Broadening the scope a bit, women made up 29 percent of major characters, and 30 percent of all speaking characters, the same percentage as 2013.
Racial diversity among the female roles also saw a dip in certain areas. Black and Latino female roles declined, while Asian female roles saw a slight increase in number. Eleven percent of female characters were black, four percent were Latina, and four percent were Asian.
Furthermore, the types of roles for women left much to be desired. According to the study, most female characters skewed younger than their male counterparts, and they were more likely to be identified by domestic roles like wife, mother and girlfriend.

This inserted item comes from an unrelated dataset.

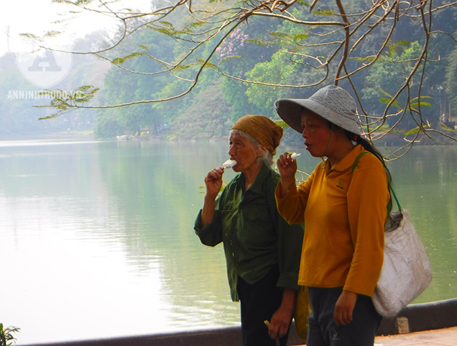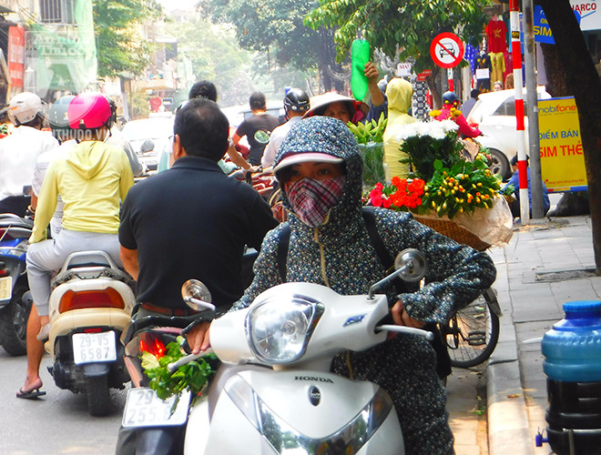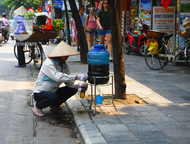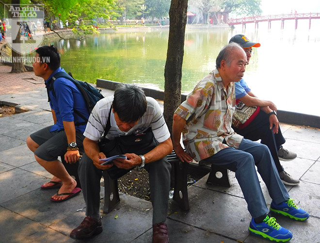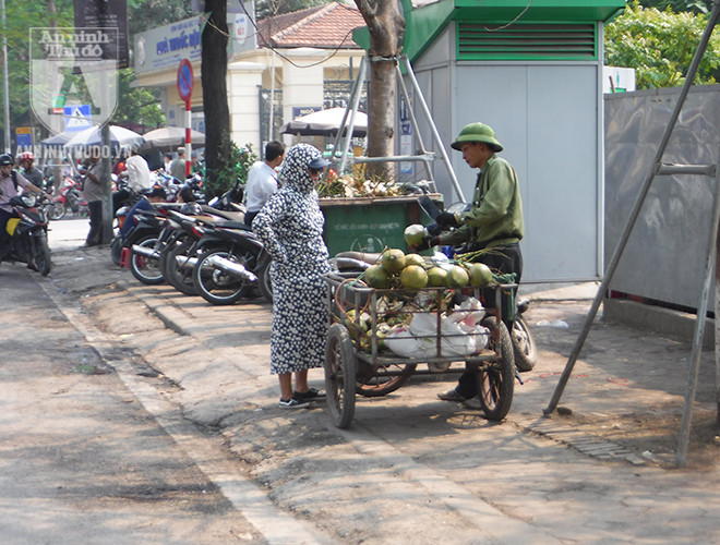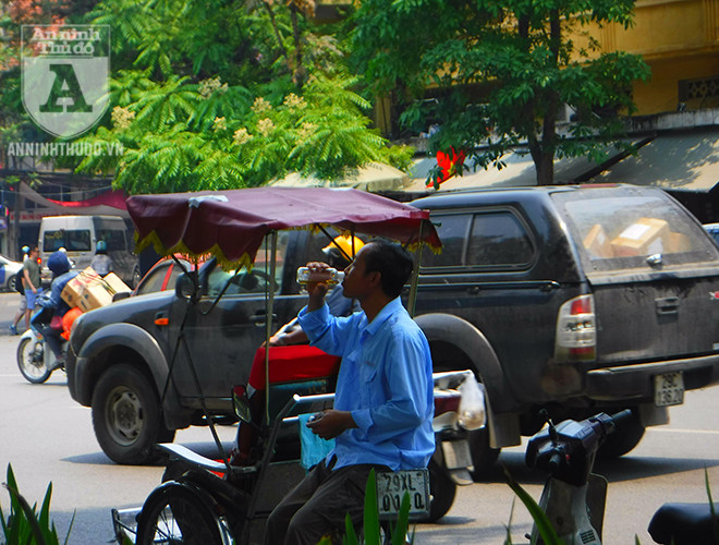 ANTD.VN - Do ảnh hưởng của đợt sóng nhiệt đới cao đang di chuyển từ phía Tây Lào sang phía Đông, nên từ ngày 19 đến ngày 21-4, nền nhiệt ở Hà Nội rất cao, dao động từ 35-37 độ C, có khi lên tới 41 độ C. Để đảm bảo sức khỏe trong cái nóng gay gắt này, người dân đã dùng mọi biện pháp như, mặc áo chống nắng, đeo kím râm, đội mũ, dùng quạt nan, uống nước giải khát,...

“The chronic under-representation of girls and women reveals a kind of arrested development in the mainstream film industry,” said Dr. Martha Lauzen, executive director of the Center for the Study of Women in Television and Film at SDSU. “Women are not a niche audience and they are no more ‘risky’ as filmmakers than men. It is unfortunate that these beliefs continue to limit the industry’s relevance in today’s marketplace.”
For the study, 2,300 characters appearing in the top grossing American films of 2014 were analyzed, and comparisons were made to the most recent figures with findings from 2013, 2011 and 2002, for a total of more than 9,000 characters appearing in approximately 400 films.
The onscreen representation seems to reflect women in the industry who work behind the scenes as well. A different study conducted by Lauzen’s team found that women made up only 17 percent of directors, writers, executive producers, producers, editors, and cinematographers who worked on the Top 250 domestic grossing movies of 2014.